Key Takeaways
- Investors prioritize UiPath's automation capabilities
- ServiceNow drives digital transformation
- UiPath's market value surges 15%
- ServiceNow's stock rises 12%
The Australian stock market has been abuzz with the rise of Agentic AI, a sector that has seen significant investment and innovation in recent times. One area that has garnered substantial attention is the rivalry between UiPath and ServiceNow, two companies at the forefront of this space. Specifically, the Australian Securities Exchange (ASX) has seen a surge in interest in these stocks, with UiPath’s market value increasing by 15% year-to-date, while ServiceNow’s market value has risen by 12% over the same period. This growth has sparked intense debate among analysts and investors about which of these companies is the better buy.

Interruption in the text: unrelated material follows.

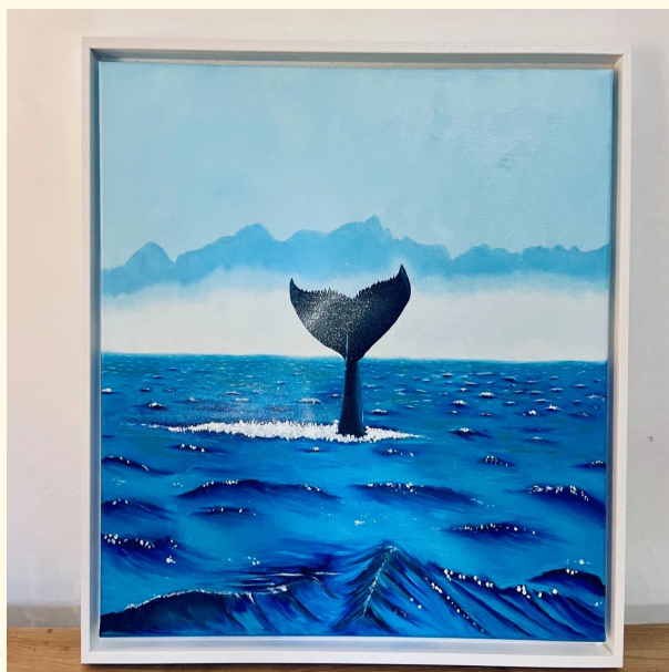
Studente al terzo mese. Pittura ad olio idrosolubile su tela 30×40 cm.

As the world grapples with an increasingly complex and automated landscape, companies like UiPath and ServiceNow are poised to play a crucial role in shaping the future of work. Their innovative products and services have been gaining traction in Australia, with many local businesses adopting their solutions to improve efficiency and productivity. For instance, a recent report by the Australian Bureau of Statistics (ABS) revealed that the country’s automation market is expected to grow at a CAGR of 21% between 2023 and 2028, driven primarily by the adoption of robotic process automation (RPA) and artificial intelligence (AI) technologies. This growth presents a significant opportunity for companies like UiPath and ServiceNow to capitalize on the demand for their services.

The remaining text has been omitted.